From the line containing "Zestaw 386 klocków" down to the line containing "This Teresa Crowninshield" in the records below, reproduce every line exactly, ends included, and omit all others.
*** Opening of Supplied material ***
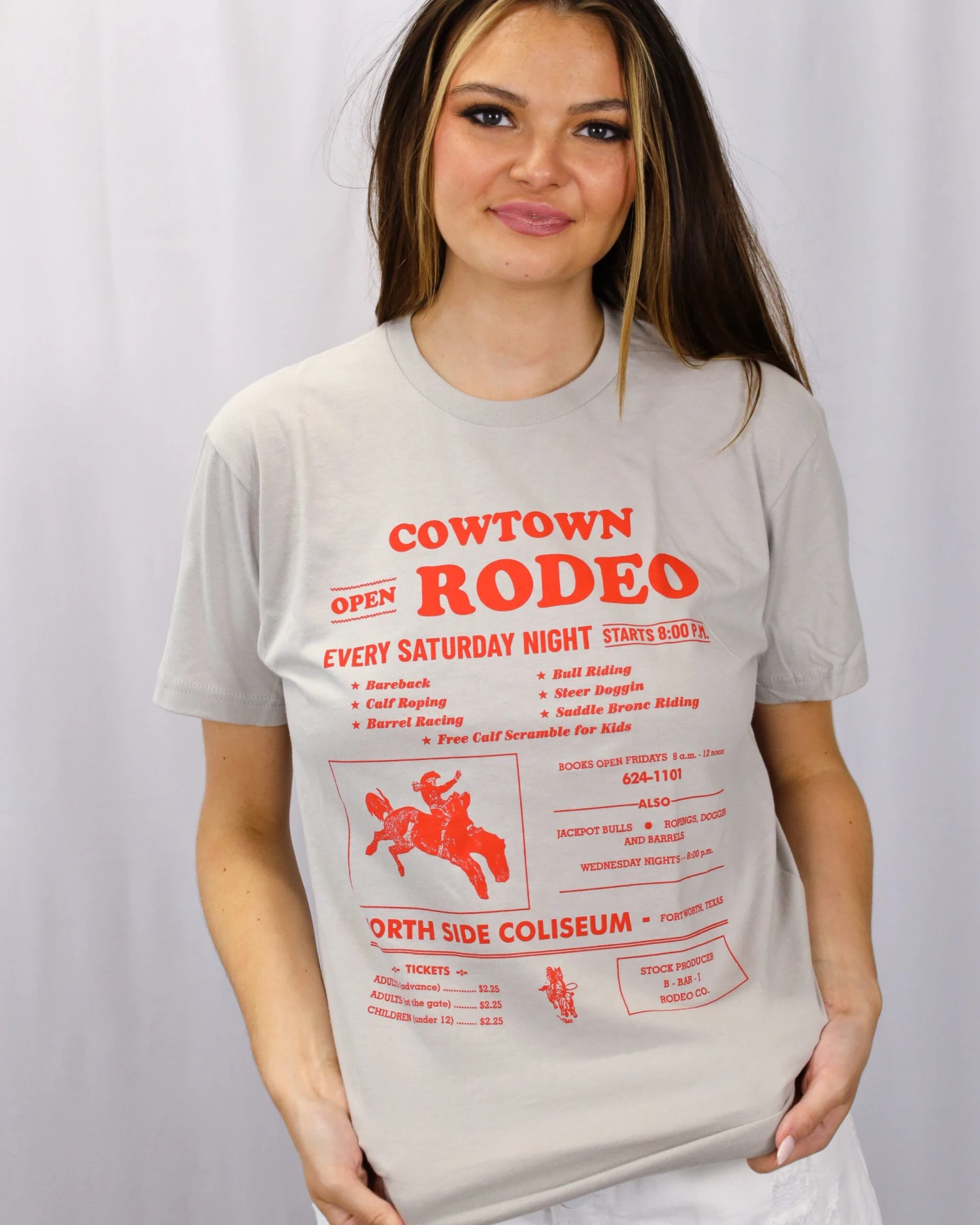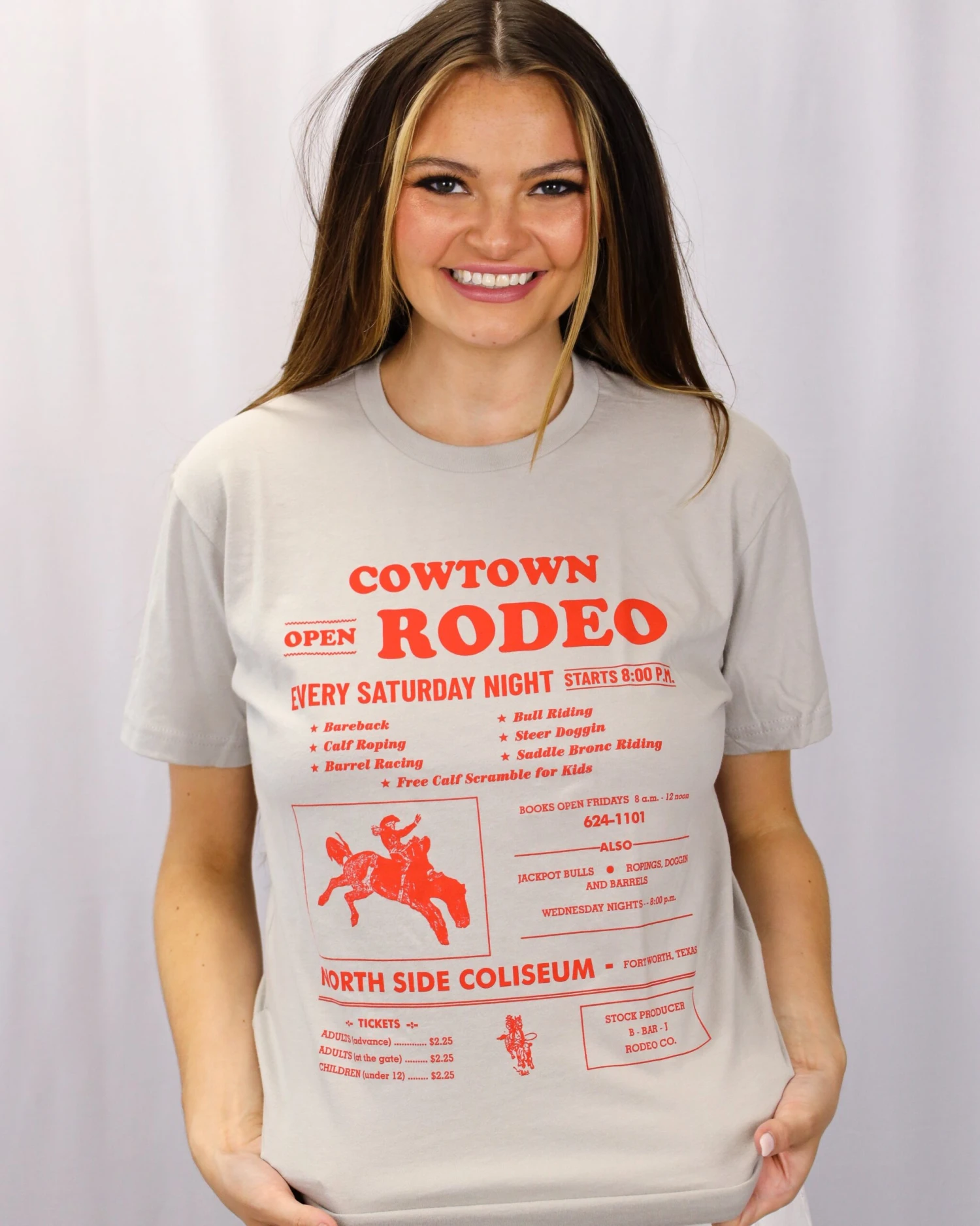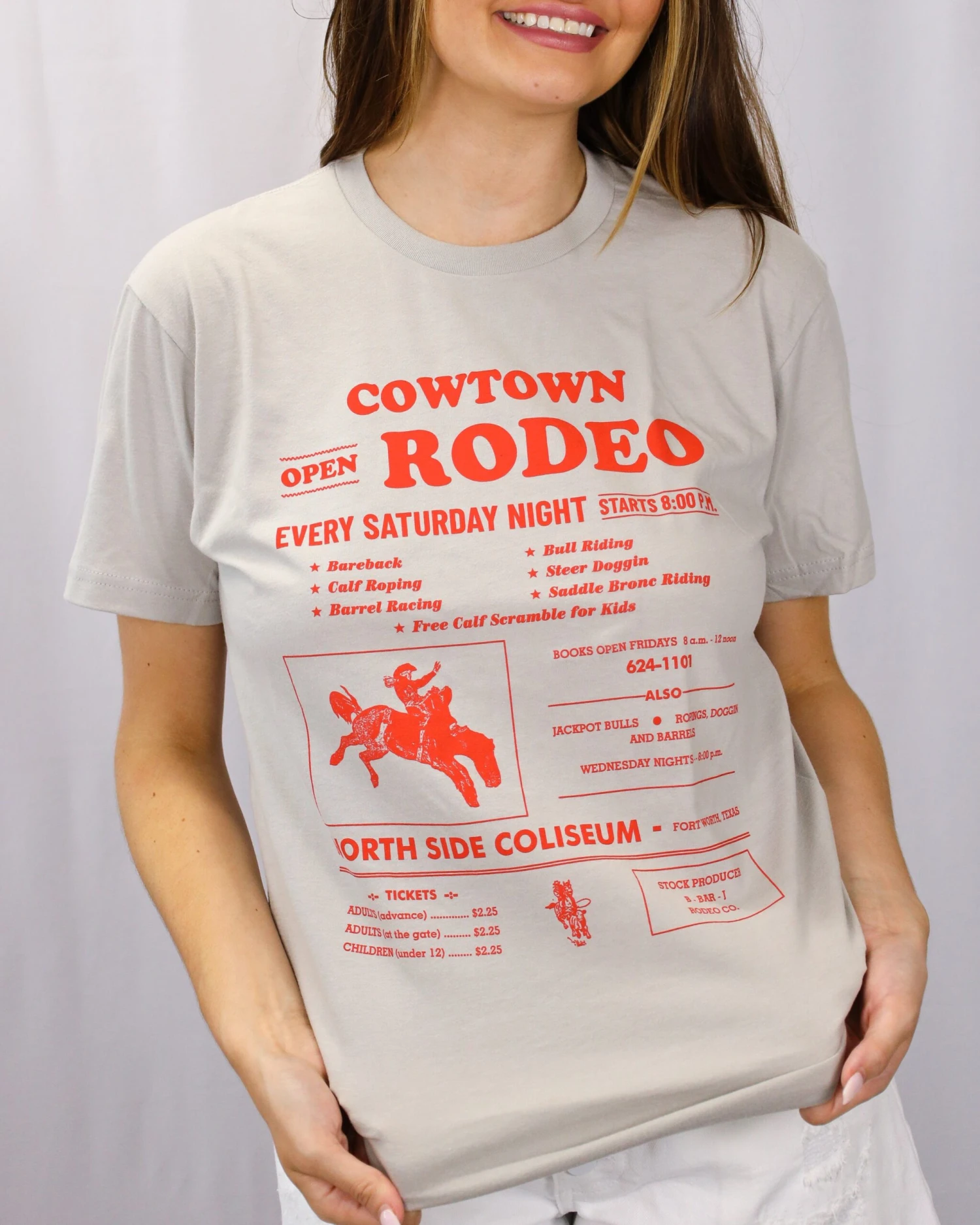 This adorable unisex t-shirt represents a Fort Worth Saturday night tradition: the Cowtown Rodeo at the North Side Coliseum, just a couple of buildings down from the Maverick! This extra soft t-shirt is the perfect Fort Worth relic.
*** Close of Supplied material ***
*** Opening of Supplied material ***
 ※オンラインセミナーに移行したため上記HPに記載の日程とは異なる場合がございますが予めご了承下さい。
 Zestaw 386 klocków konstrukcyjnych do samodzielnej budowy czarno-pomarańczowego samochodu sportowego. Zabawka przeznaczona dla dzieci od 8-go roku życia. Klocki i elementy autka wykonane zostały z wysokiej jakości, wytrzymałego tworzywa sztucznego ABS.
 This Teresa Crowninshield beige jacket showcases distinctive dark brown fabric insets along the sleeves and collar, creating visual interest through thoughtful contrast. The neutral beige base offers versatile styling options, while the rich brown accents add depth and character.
*** Close of Supplied material ***
■ **Answer to the problem**:
 Zestaw 386 klocków konstrukcyjnych do samodzielnej budowy czarno-pomarańczowego samochodu sportowego. Zabawka przeznaczona dla dzieci od 8-go roku życia. Klocki i elementy autka wykonane zostały z wysokiej jakości, wytrzymałego tworzywa sztucznego ABS.
 This Teresa Crowninshield beige jacket showcases distinctive dark brown fabric insets along the sleeves and collar, creating visual interest through thoughtful contrast. The neutral beige base offers versatile styling options, while the rich brown accents add depth and character.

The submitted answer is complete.